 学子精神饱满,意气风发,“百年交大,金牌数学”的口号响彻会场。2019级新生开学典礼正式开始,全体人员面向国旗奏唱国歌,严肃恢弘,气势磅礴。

──────

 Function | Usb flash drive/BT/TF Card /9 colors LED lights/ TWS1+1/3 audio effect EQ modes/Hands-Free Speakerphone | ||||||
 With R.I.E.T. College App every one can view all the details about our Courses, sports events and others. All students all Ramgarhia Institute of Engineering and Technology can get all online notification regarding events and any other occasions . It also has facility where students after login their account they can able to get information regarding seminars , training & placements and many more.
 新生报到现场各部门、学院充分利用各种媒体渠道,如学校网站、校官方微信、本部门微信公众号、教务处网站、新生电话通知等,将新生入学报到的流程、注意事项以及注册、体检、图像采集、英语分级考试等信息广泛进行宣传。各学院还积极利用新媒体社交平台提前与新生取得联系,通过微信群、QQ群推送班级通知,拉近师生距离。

──────

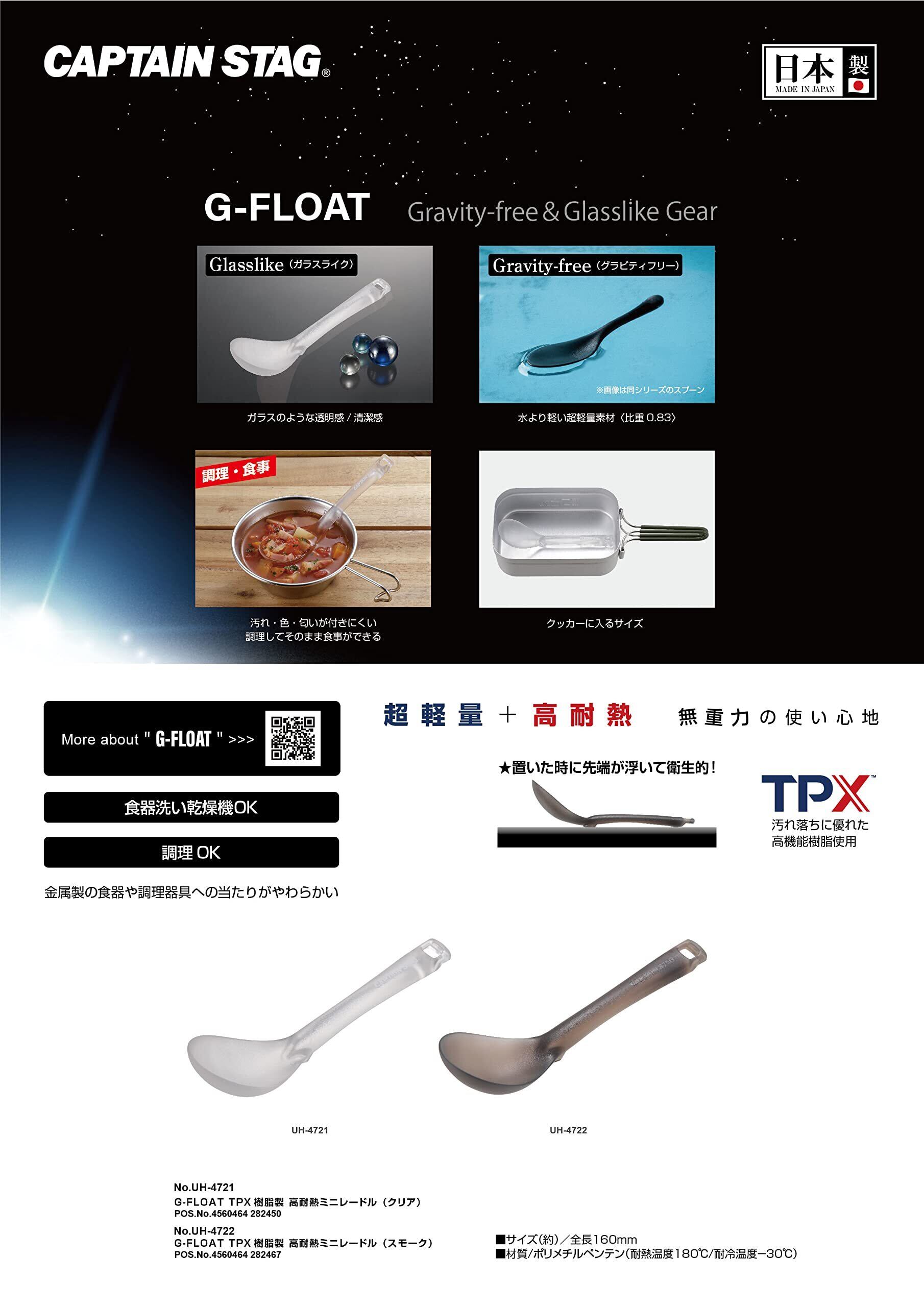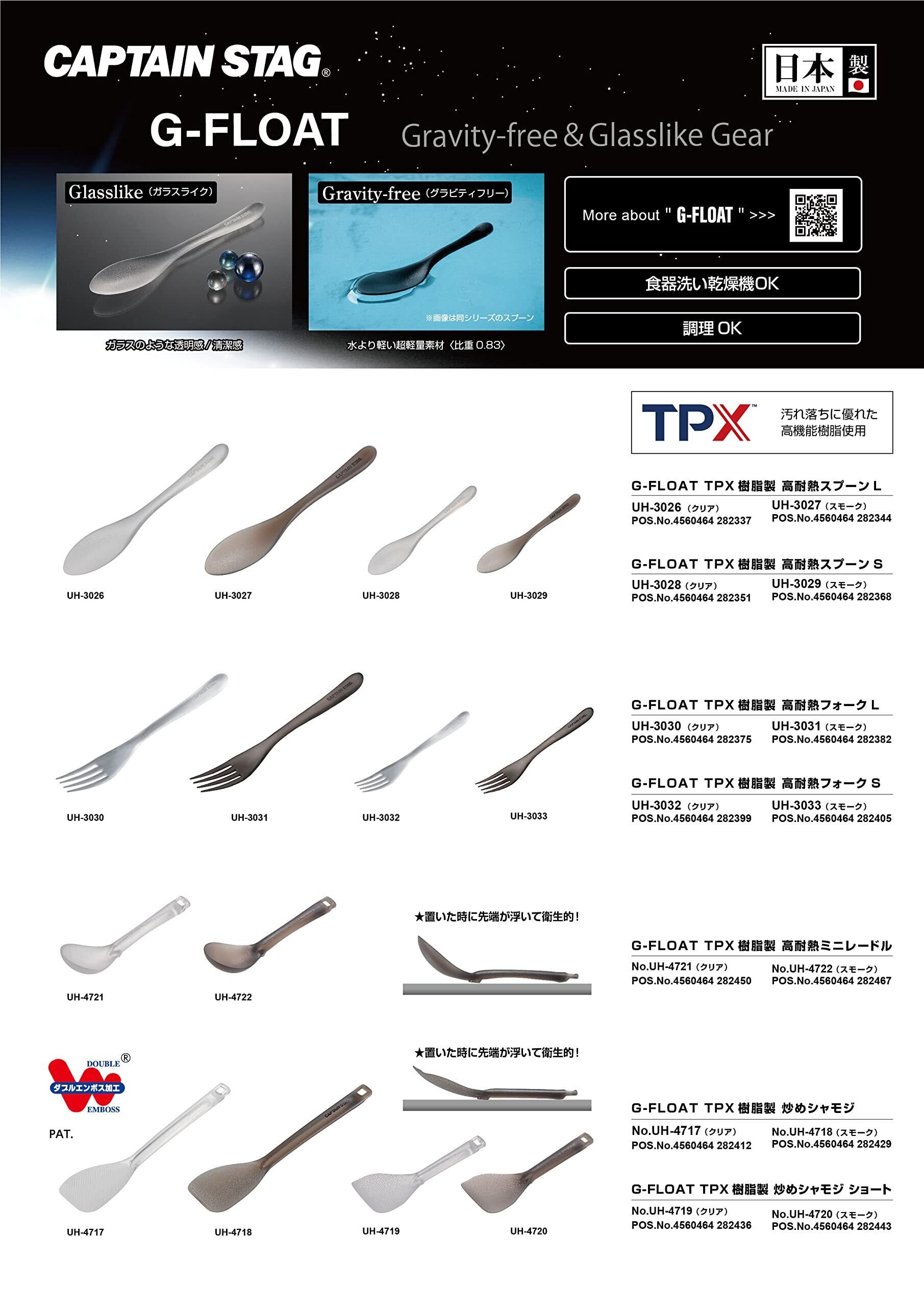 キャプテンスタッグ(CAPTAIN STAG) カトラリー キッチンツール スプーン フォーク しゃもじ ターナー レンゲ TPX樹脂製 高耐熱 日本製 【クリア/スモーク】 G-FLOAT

──────

WHAT YOU ARE ASKED TO DO:
Could you return exactly the stretch of the data above that starts at the line with "With R.I.E.T. College" and ends at the line with "新生报到现场各部门、学院充分", both lines included?

THE COMPLETED TASK:
 With R.I.E.T. College App every one can view all the details about our Courses, sports events and others. All students all Ramgarhia Institute of Engineering and Technology can get all online notification regarding events and any other occasions . It also has facility where students after login their account they can able to get information regarding seminars , training & placements and many more.
 新生报到现场各部门、学院充分利用各种媒体渠道,如学校网站、校官方微信、本部门微信公众号、教务处网站、新生电话通知等,将新生入学报到的流程、注意事项以及注册、体检、图像采集、英语分级考试等信息广泛进行宣传。各学院还积极利用新媒体社交平台提前与新生取得联系,通过微信群、QQ群推送班级通知,拉近师生距离。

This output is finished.